Deduplication is the highest-leverage caching pattern. Traditional caching asks "have we seen this exact query before?" Deduplication asks "are we making the same request right now, in parallel, from different callers?" In a microservices architecture where the same page render triggers multiple services, deduplication catches waste that TTL-based caching misses entirely.
Infrastructure changes compound.

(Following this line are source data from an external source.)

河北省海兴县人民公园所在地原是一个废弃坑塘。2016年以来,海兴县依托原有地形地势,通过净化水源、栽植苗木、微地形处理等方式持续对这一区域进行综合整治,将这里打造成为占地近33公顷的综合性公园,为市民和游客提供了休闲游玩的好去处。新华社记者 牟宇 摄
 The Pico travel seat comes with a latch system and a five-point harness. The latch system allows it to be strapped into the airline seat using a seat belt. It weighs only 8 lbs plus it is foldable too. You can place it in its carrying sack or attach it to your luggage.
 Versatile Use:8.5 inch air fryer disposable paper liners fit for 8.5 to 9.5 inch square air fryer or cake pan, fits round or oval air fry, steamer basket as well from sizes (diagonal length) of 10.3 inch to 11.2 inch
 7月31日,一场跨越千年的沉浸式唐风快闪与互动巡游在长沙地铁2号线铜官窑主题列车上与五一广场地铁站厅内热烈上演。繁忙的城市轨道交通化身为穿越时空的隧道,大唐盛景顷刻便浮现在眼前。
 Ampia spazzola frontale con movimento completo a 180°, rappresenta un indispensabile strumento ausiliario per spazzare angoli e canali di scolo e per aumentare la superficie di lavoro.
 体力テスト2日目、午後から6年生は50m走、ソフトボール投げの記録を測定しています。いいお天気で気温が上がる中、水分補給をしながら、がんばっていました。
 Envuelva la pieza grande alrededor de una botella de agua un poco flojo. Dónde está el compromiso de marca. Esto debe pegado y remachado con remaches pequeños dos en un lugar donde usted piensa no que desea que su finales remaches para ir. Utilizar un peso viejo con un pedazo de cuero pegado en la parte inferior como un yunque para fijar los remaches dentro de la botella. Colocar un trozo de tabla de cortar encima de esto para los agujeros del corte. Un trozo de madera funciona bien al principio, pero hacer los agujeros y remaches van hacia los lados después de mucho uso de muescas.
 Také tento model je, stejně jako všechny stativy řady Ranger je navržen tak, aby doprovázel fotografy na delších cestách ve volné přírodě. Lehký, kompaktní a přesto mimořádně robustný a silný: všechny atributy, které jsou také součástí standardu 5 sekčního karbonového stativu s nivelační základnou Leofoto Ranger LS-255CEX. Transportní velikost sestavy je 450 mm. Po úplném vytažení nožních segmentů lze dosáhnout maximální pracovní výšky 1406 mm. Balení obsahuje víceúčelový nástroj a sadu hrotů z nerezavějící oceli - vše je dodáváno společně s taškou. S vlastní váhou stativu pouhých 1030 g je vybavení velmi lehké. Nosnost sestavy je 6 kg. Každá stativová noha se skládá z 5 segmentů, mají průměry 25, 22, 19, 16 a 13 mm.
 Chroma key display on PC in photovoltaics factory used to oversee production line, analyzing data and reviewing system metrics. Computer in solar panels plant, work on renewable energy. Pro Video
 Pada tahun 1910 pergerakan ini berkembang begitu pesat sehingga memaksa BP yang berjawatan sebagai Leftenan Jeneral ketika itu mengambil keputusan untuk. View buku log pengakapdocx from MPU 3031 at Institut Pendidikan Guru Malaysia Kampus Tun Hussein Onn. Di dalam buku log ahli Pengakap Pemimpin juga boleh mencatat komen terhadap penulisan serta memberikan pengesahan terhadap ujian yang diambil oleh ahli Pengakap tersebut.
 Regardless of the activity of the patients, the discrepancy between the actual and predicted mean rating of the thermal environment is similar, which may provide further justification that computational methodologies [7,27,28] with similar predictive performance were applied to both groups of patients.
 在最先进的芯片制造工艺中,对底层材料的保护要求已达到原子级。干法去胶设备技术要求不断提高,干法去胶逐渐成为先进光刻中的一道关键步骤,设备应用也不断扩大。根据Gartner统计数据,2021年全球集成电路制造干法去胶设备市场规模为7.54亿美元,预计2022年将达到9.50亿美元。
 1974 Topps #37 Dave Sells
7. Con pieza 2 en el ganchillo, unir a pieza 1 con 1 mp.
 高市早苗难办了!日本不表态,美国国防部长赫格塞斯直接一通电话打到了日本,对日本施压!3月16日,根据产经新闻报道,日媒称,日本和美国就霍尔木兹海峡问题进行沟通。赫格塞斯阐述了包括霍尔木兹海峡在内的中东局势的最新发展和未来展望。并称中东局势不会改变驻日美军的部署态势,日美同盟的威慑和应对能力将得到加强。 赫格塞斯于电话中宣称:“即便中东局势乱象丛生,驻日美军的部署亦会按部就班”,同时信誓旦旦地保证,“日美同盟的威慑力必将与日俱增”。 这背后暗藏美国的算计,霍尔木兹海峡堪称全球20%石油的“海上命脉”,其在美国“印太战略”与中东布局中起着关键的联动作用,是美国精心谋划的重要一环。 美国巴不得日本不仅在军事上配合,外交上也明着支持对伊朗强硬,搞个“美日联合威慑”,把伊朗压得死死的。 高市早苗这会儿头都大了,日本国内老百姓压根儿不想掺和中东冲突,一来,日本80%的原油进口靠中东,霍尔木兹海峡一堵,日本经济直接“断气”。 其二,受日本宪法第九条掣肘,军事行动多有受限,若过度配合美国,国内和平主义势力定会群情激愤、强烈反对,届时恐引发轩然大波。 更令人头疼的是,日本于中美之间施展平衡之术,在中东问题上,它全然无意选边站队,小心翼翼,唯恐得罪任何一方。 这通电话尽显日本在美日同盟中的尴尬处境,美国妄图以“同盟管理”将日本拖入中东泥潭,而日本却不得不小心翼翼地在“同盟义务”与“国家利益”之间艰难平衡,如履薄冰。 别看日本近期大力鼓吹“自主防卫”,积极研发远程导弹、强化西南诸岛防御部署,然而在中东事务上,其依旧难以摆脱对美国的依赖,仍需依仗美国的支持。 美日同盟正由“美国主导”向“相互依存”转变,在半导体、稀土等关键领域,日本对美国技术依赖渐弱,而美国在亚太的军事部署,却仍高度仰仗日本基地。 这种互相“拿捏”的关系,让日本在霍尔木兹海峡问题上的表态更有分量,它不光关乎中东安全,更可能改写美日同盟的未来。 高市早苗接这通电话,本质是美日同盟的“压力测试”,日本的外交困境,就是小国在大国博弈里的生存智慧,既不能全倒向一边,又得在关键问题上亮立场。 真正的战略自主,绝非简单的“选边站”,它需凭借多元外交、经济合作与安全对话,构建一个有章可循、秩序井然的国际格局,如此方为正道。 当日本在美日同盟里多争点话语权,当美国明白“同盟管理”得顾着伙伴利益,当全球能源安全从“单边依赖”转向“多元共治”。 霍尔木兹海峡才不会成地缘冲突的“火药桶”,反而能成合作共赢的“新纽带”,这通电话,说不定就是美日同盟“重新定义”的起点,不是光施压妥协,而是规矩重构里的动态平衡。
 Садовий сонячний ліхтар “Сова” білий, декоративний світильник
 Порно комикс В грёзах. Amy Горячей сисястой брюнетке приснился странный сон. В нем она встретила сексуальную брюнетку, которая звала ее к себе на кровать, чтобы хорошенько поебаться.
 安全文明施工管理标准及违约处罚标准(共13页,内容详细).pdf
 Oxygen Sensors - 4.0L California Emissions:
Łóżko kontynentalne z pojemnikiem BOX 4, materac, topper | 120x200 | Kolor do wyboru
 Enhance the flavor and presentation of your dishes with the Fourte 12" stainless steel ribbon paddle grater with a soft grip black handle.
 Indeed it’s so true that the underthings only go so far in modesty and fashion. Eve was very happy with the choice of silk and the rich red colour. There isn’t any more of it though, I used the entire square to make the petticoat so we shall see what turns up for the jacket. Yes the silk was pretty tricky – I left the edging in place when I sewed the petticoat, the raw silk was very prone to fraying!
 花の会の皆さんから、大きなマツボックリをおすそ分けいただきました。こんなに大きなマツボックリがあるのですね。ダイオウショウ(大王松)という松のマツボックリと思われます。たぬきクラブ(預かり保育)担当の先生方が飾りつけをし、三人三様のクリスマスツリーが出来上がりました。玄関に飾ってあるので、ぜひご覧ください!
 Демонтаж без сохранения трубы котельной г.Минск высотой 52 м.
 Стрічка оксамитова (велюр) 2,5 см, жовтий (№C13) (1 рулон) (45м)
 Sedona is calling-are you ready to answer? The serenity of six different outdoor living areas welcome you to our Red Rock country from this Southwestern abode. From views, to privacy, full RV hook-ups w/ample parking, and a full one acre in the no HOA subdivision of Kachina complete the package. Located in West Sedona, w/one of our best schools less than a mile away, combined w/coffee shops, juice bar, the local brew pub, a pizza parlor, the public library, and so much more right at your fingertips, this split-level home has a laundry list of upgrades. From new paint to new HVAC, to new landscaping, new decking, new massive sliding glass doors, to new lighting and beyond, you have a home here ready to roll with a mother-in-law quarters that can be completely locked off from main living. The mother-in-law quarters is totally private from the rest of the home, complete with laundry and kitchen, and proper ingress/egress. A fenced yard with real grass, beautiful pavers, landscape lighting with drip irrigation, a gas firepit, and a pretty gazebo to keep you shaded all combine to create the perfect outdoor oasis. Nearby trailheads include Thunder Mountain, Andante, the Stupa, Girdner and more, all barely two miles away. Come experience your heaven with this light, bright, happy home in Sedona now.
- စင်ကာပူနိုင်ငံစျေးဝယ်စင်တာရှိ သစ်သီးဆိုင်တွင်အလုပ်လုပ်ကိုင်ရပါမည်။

The caching layer improved page speed, which improved crawl efficiency, which improved indexing, which improved organic visibility, which drove more traffic, which generated more revenue. No single metric tells the story. The 482% impression lift was the compound result of multiple infrastructure improvements landing in sequence. Systems thinking means understanding that a caching change is also a performance change is also an SEO change is also a revenue change.
Measure before you cut. On the Ads platform, I could have spent months trying to optimize the ML ranking system. Instead, I built the observability to measure whether it was working. It was not — at least not enough to justify $60K/month. The cheapest optimization is removing something that is not earning its cost.